#### Your goal:
Within the lines below, the span from the line with "taking photo, photoshoot, 1girl, 1boy, holding, male" to the line with "Бумажные фотообои бесшовные", both ends included, is to be reproduced exactly, with pictures omitted.

#### Extracted material:
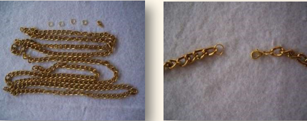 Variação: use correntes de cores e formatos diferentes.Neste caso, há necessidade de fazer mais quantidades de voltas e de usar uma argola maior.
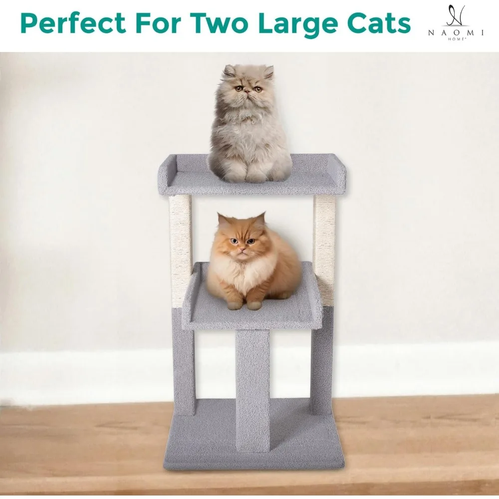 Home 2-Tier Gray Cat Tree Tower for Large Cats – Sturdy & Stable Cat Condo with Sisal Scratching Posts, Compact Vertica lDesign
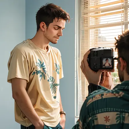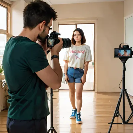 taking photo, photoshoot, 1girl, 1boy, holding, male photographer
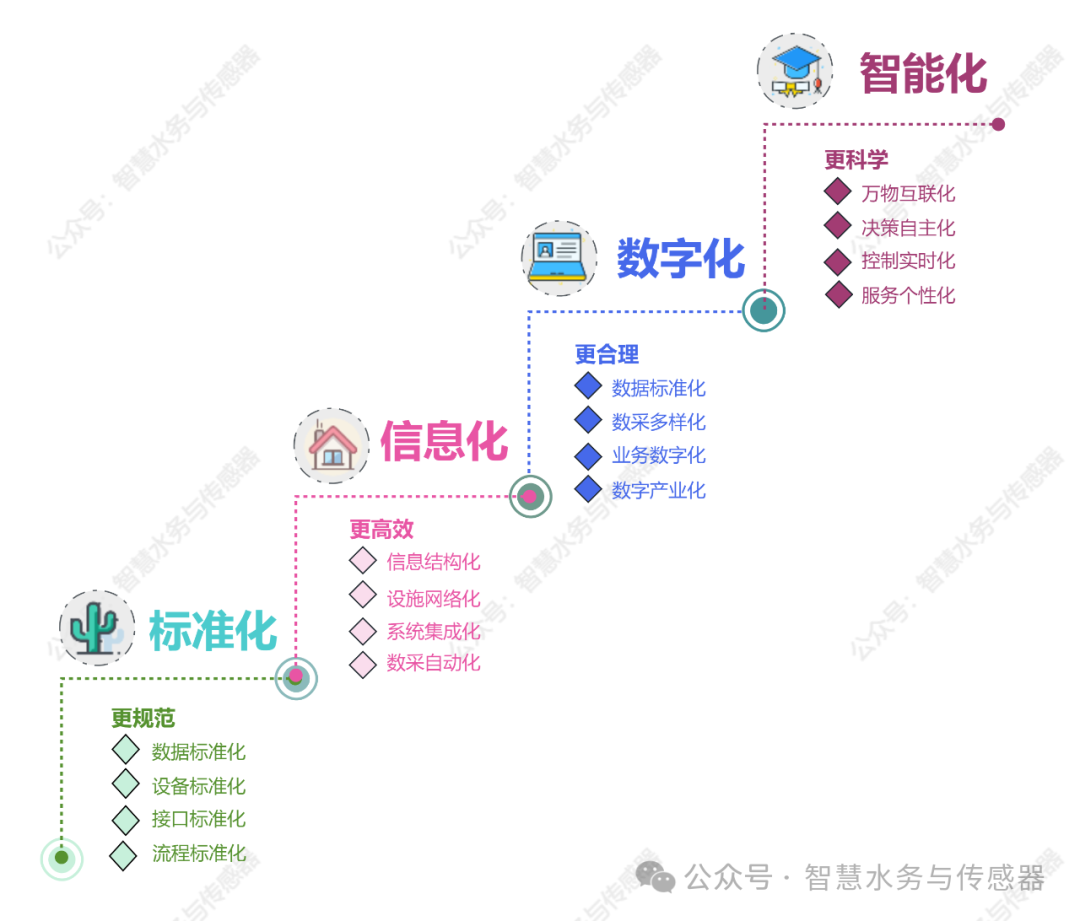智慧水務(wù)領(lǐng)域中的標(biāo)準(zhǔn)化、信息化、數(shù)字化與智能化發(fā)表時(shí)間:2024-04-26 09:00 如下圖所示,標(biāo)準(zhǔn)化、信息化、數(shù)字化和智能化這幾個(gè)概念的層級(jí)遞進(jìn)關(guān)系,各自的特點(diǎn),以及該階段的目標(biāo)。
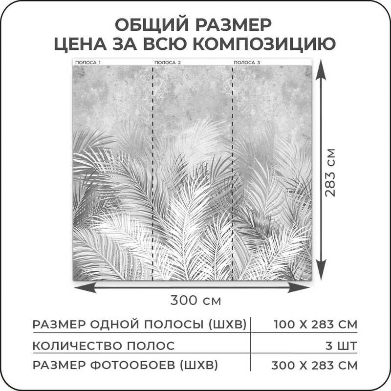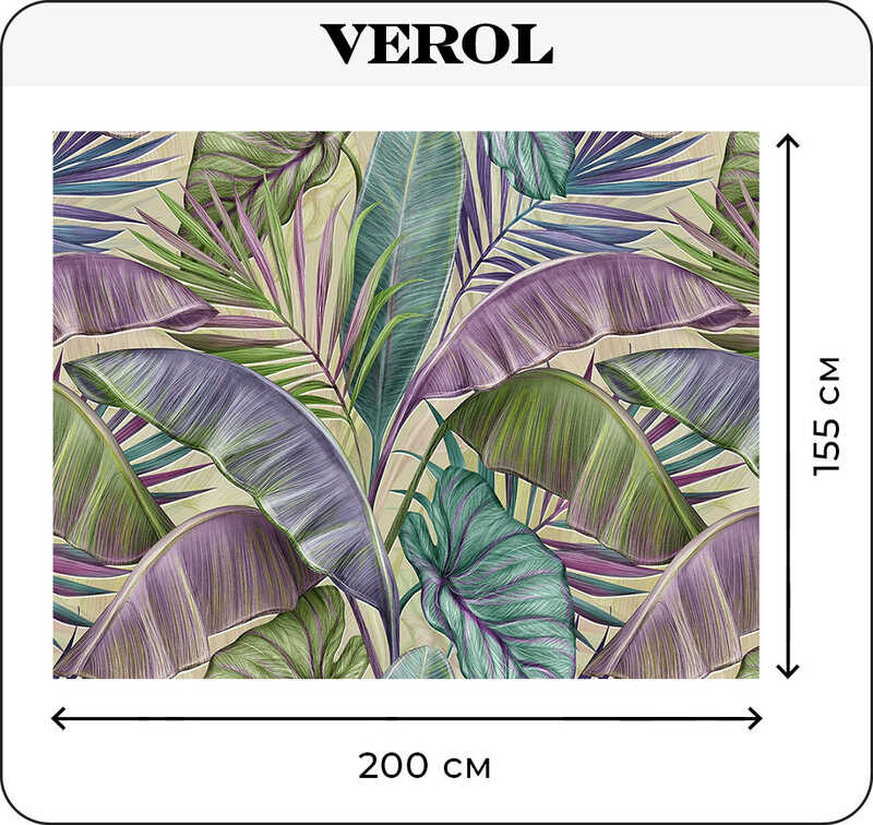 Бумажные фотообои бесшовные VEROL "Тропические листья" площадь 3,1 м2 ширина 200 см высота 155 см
...
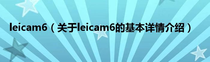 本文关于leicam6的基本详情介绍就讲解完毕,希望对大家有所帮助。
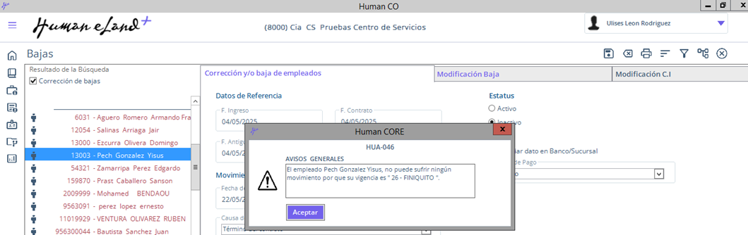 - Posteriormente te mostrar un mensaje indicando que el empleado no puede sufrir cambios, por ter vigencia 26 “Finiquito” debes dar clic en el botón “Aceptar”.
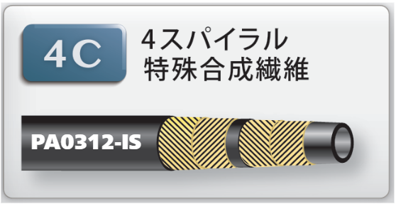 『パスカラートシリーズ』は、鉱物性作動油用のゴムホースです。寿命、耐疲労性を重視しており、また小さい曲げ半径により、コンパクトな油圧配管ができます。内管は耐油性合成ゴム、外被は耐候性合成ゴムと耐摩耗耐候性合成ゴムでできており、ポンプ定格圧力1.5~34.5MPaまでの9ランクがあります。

#### Exercise solution:
 taking photo, photoshoot, 1girl, 1boy, holding, male photographer
智慧水務(wù)領(lǐng)域中的標(biāo)準(zhǔn)化、信息化、數(shù)字化與智能化發(fā)表時(shí)間:2024-04-26 09:00 如下圖所示,標(biāo)準(zhǔn)化、信息化、數(shù)字化和智能化這幾個(gè)概念的層級(jí)遞進(jìn)關(guān)系,各自的特點(diǎn),以及該階段的目標(biāo)。
 Бумажные фотообои бесшовные VEROL "Тропические листья" площадь 3,1 м2 ширина 200 см высота 155 см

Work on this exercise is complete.